- Problem requirements
Ignoring the pictures, copy the data exactly.

- Data shown
# # #

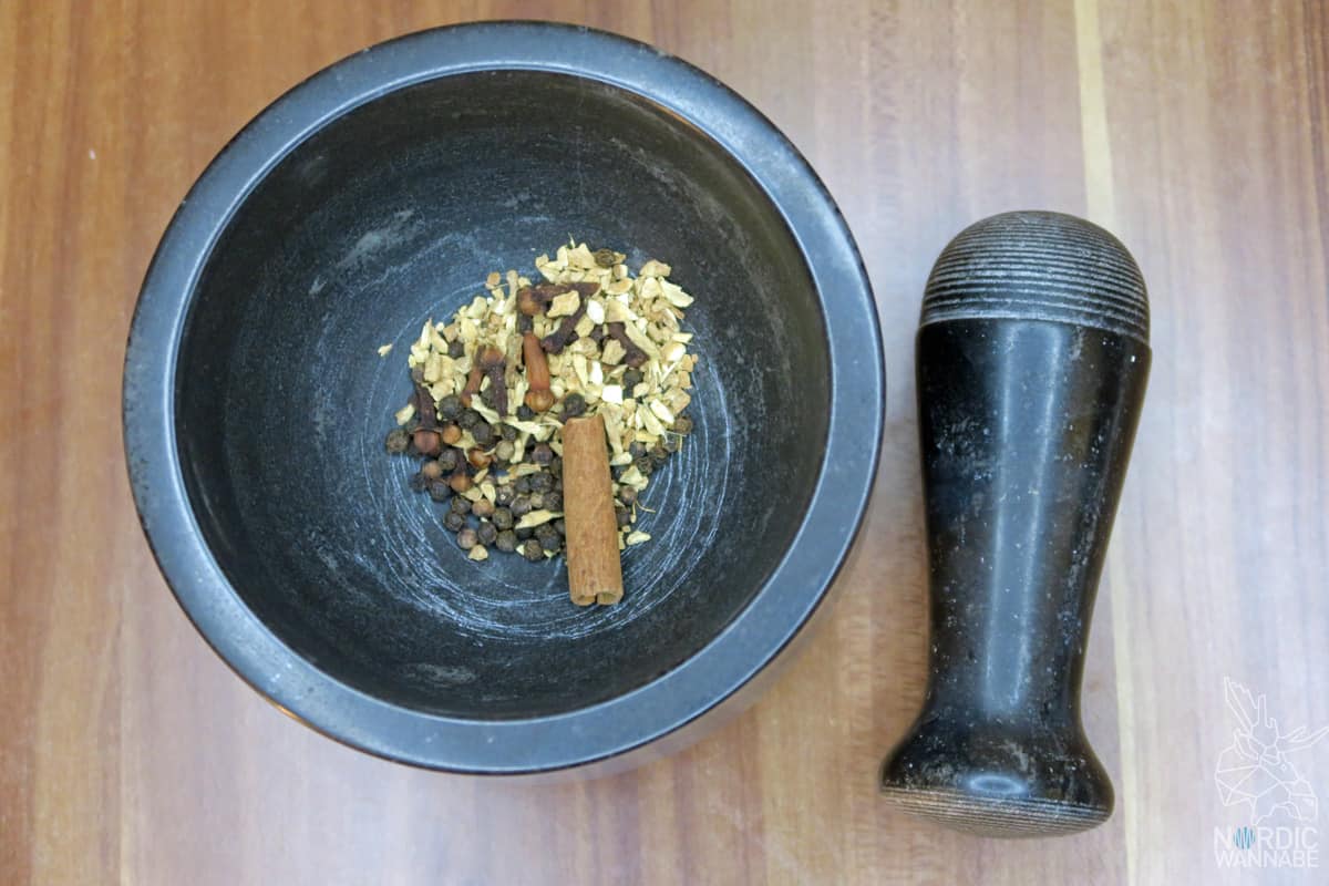 Jetzt kommt es darauf an, ob Ihr fertig gemahlene Gewürze nehmt oder sie selbst im Mörser zerkleinert. Denn am Ende müssen die Gewürze gemahlen sein.
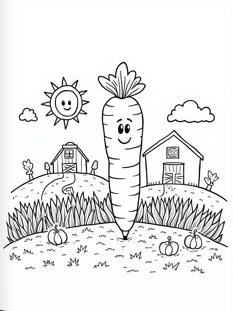 Check out this free, printable coloring page featuring a giant carrot, a cheerful scarecrow, and fluffy animal-shaped clouds. Perfect for kids who love farms, it's a fun way to get creative with colors!
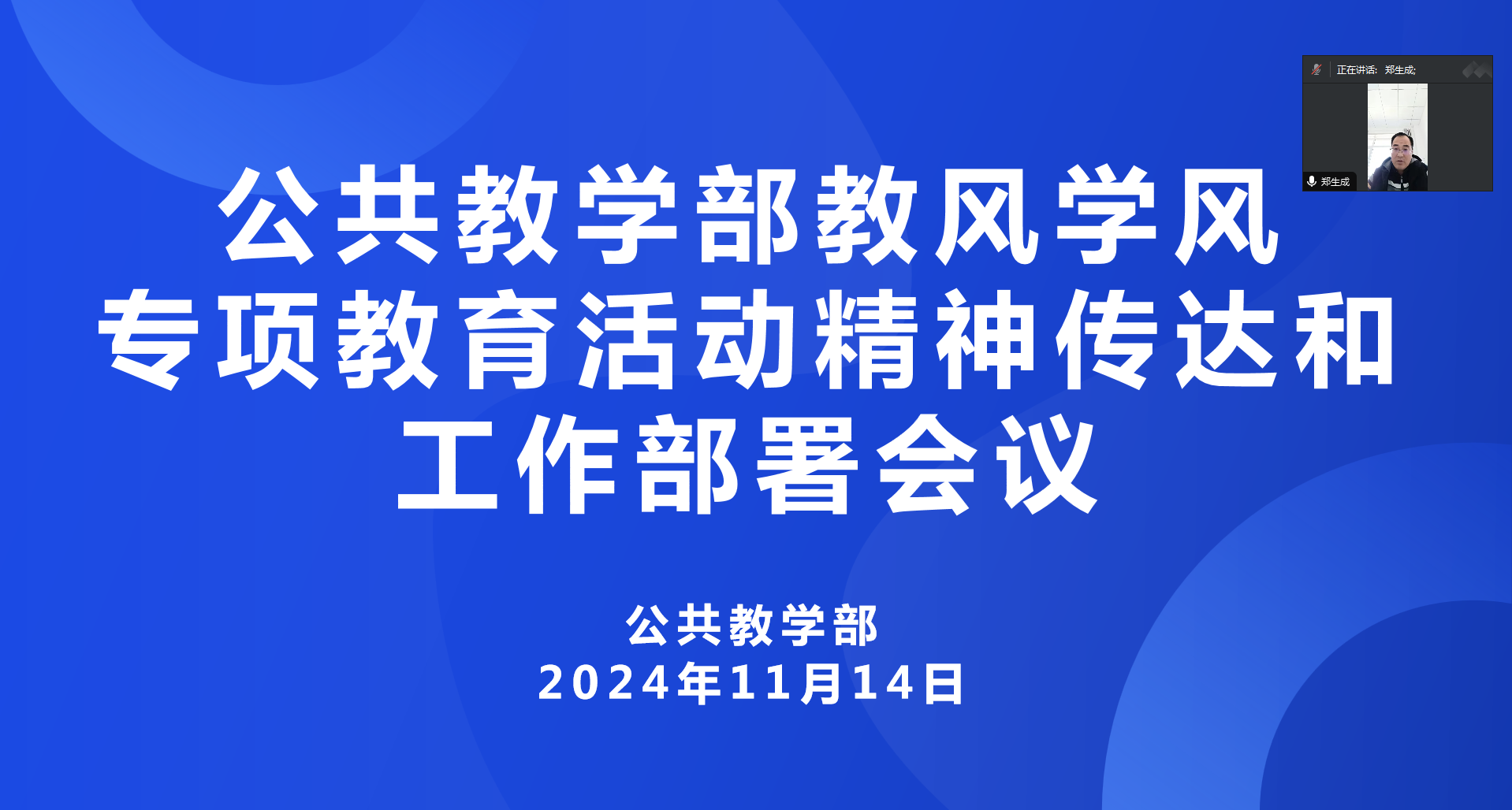 為深入貫徹落實學校教風學風專項教育活動動員大會精神,11月14日,公共教學部組織全體專兼職教師召開教風學風專項教育活動精神傳達和工作部署會議,會議由黨總支書記鄭生成主持。

# # #

- Task answer
 Jetzt kommt es darauf an, ob Ihr fertig gemahlene Gewürze nehmt oder sie selbst im Mörser zerkleinert. Denn am Ende müssen die Gewürze gemahlen sein.
 Check out this free, printable coloring page featuring a giant carrot, a cheerful scarecrow, and fluffy animal-shaped clouds. Perfect for kids who love farms, it's a fun way to get creative with colors!
 為深入貫徹落實學校教風學風專項教育活動動員大會精神,11月14日,公共教學部組織全體專兼職教師召開教風學風專項教育活動精神傳達和工作部署會議,會議由黨總支書記鄭生成主持。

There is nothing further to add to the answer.